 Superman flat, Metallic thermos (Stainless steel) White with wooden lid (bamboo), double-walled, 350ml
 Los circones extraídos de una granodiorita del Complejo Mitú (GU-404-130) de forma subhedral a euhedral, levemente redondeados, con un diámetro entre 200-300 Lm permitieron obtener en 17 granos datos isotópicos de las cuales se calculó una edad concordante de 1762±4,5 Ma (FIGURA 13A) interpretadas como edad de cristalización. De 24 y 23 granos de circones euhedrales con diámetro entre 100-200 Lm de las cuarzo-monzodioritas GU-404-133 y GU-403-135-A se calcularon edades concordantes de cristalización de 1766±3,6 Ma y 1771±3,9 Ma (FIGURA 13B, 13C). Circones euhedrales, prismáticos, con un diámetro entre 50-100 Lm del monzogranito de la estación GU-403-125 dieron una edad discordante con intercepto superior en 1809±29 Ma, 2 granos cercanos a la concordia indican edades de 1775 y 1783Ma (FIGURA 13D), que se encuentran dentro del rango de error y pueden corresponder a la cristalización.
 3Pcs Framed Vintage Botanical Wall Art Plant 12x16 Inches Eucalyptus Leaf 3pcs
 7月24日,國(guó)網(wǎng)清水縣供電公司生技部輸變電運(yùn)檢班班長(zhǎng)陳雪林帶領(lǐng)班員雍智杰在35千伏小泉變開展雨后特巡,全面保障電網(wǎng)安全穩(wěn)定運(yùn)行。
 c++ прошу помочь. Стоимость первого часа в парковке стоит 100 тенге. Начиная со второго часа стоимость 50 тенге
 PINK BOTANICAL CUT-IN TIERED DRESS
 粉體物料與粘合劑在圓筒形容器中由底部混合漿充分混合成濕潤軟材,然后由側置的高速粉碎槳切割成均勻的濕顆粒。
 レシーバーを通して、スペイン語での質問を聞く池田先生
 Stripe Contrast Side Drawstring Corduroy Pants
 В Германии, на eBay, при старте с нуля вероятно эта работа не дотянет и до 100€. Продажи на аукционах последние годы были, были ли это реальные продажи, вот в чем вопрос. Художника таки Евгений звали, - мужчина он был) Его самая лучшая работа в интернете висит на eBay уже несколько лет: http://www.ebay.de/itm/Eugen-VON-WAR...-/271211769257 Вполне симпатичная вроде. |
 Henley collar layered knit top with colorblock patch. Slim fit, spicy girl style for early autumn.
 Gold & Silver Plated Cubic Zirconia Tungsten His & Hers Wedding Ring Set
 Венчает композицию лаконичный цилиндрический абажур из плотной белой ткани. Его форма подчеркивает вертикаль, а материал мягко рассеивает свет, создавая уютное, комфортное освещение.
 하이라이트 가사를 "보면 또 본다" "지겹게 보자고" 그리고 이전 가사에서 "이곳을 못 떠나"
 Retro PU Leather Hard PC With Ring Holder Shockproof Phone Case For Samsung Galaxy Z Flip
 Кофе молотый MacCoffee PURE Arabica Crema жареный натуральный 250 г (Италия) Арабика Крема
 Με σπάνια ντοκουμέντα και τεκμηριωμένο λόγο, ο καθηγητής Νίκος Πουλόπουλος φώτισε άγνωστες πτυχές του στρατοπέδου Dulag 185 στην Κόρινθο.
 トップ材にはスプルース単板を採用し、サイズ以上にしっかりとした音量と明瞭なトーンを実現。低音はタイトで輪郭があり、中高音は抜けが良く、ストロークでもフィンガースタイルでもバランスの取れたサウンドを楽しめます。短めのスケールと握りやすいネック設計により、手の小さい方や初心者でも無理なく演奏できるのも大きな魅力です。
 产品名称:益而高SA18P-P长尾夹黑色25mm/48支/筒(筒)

※

• [What is required]
Using the entries shown above, reproduce verbatim the lines from the line bearing "7月24日,國(guó)網(wǎng)清" to the line bearing "粉體物料與粘合劑在圓筒形容器", inclusive.

• [The answer]
 7月24日,國(guó)網(wǎng)清水縣供電公司生技部輸變電運(yùn)檢班班長(zhǎng)陳雪林帶領(lǐng)班員雍智杰在35千伏小泉變開展雨后特巡,全面保障電網(wǎng)安全穩(wěn)定運(yùn)行。
 c++ прошу помочь. Стоимость первого часа в парковке стоит 100 тенге. Начиная со второго часа стоимость 50 тенге
 PINK BOTANICAL CUT-IN TIERED DRESS
 粉體物料與粘合劑在圓筒形容器中由底部混合漿充分混合成濕潤軟材,然后由側置的高速粉碎槳切割成均勻的濕顆粒。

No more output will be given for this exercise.